FIG. 9 is an explanatory diagram showing a test route in the case of individually testing the # 1 line corresponding unit.

FIG. 10 is an explanatory diagram showing a test route in the case of individually testing the # 2 line corresponding unit.

FIG. 11 is an explanatory diagram showing a test route in the case of individually testing SW-OUT.

FIG. 12 is an explanatory diagram showing a test route in the case of individually testing SW-IN.

FIG. 13 is a block diagram showing a connection relationship at the time of a test by a conventional speech path continuity test device.

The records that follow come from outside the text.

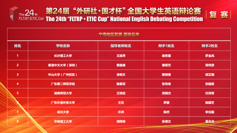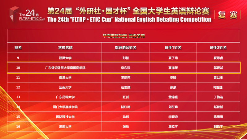 来自华南地区9个省份(广东、广西、海南、贵州、云南、福建、江西、湖北、湖南)共109支队通过预赛参加本次复赛。比赛采用”power-match”机制,第二轮开始,根据上一轮队伍所得积分,匹配获得了同样积分的队伍作为对手。每轮比赛共四支队伍,排名第一获得3分,排名第二获得2分,排名第三获得1分,排名第四获得0分。我院选手夏祥琴、郭晋诚与中山大学、广东外语外贸大学、华南理工大学、华南师范大学、厦门大学等知名院校选手同台竞技,以扎实的语言功底、缜密的思辨能力、娴熟的辩论技巧、流畅的口头表达,在第一轮、第四轮、以及第五轮的比赛中排名第一。经过5轮积分赛的激烈角逐,荣获华南大区赛一等奖,以积分赛第十名的好成绩顺利晋级国赛决赛。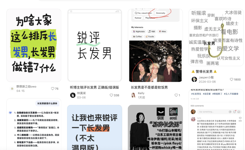 在小红书上搜索“避雷长发男”,能看到大量真实经历的投稿:他们不讲卫生、借文艺之名行骗炮之实、让女生意外怀孕却拒绝负责,甚至在恋爱中反复出轨。这些形象往往并非源自他们的真实人格,而是对女性理想型的精准“反向建模”——他们知道你想要什么,就复制出来给你看。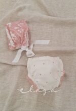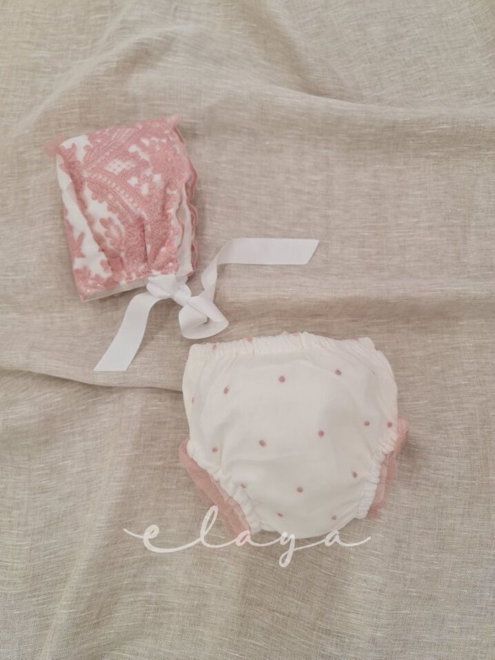 Capota del vestido de ceremonia manga corta en tul bordado rosa.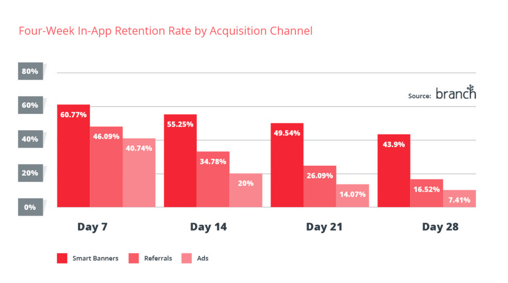 We recommend auditing the current channels you’re using to acquire users to determine what’s working, what’s not, and what you should further invest in. This is even more relevant today, as your acquisition strategies might not be working the same way due to COVID. You want your acquisition channels to acquire high-value users likely to stick around. In a Branch study, we found that users from organic channels like smart banners have better retention rates than paid channels: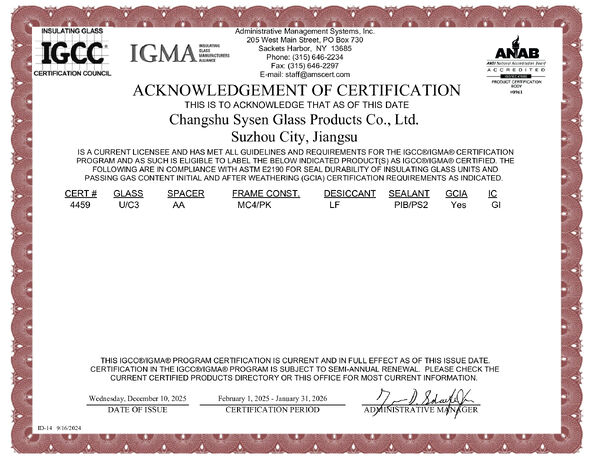 Standard: acknowledgement of certificationNumber: 4459Issue Date: 2019-02-01Expiry Date: 2020-01-31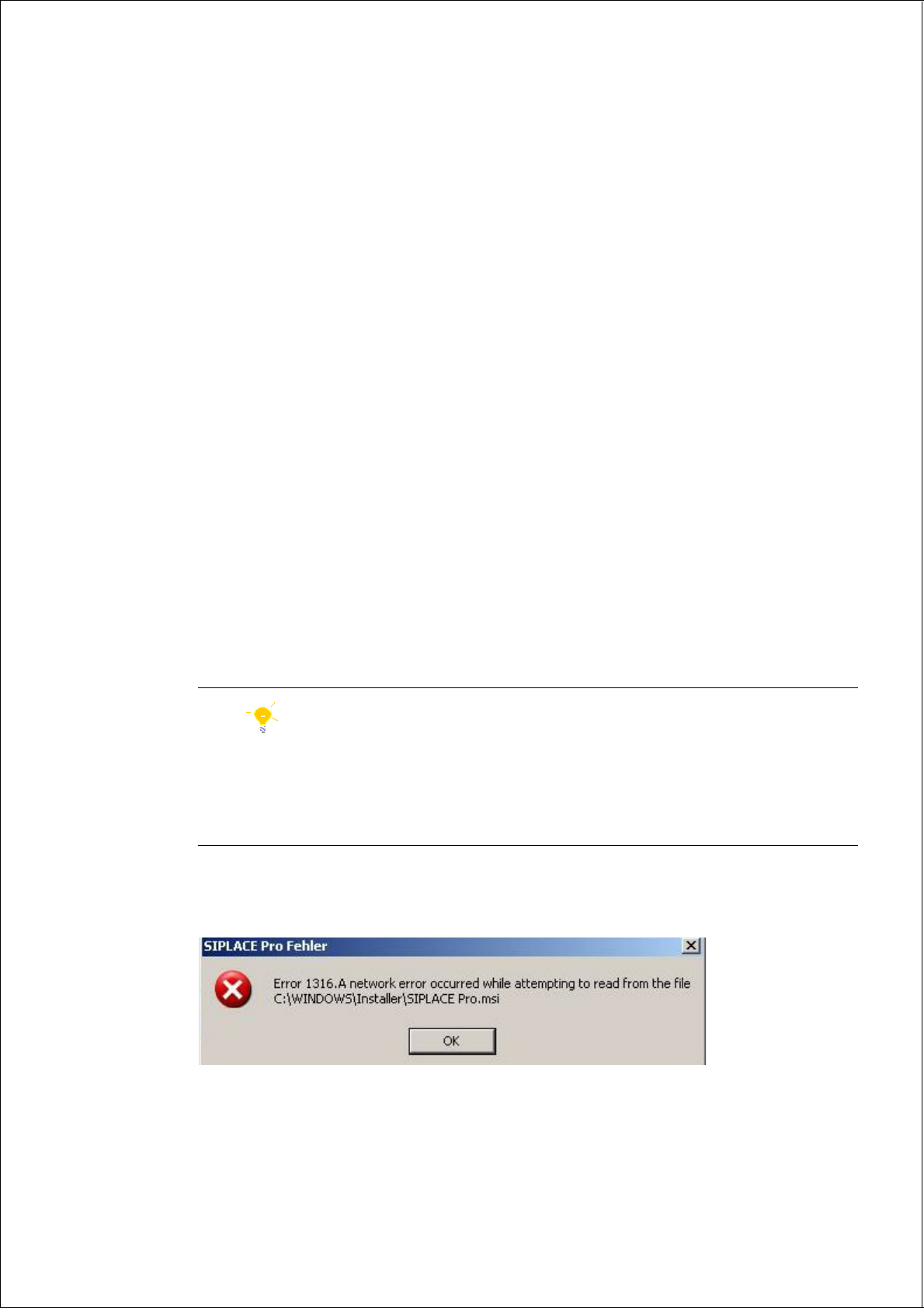 tioned in the error message e.g. c:/Windows/Installer/SIPLACE Pro.msi.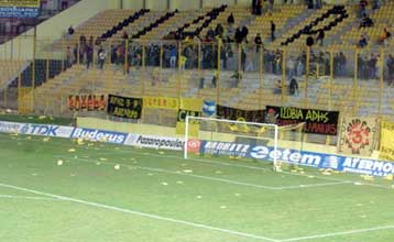 Έκρυθμη είναι αυτήν την ώρα η κατάσταση που επικρατεί στο γήπεδο Χαριλάου. Ο αποκλεισμός του Αρη, είναι η αιτία που αρκετοί φίλαθλοι των «κιτρινόμαυρων» έσπασαν καθίσματα και πολιόρκησαν τα αποδυτήρια της ομάδας τους.

FIG. 14 is a block diagram showing a connection relationship during a conventional pilot test.

[Explanation of symbols]

1 ₁ to 1 _M line support part 2 ₁ to 2 _N line support part 31, 32 switch part 4 communication path continuity test circuit 6 control part

 ─────────────────────────────────────────────────── ─── Continuation of the front page (72) Inventor Kenji Miyabo 1-1-6 Uchisaiwaicho, Chiyoda-ku, Tokyo Nihon Telegraph and Telephone Corporation

Claims (1)

[Claims] 1. A speech path continuity test device for conducting a continuity test in a speech path of an ATM switching system having a switch part and respective line corresponding parts connected to the switch part and including a folding mechanism and a header conversion circuit. , A test cell generating unit for generating a test cell having a cell header and a routing tag and outputting the test cell to the switch unit at an arbitrary speed, and a test cell for recovering the test cell returned at the line corresponding unit in the communication path A communication path continuity test device comprising a collecting unit and a test cell collating unit that inspects the collected test cells.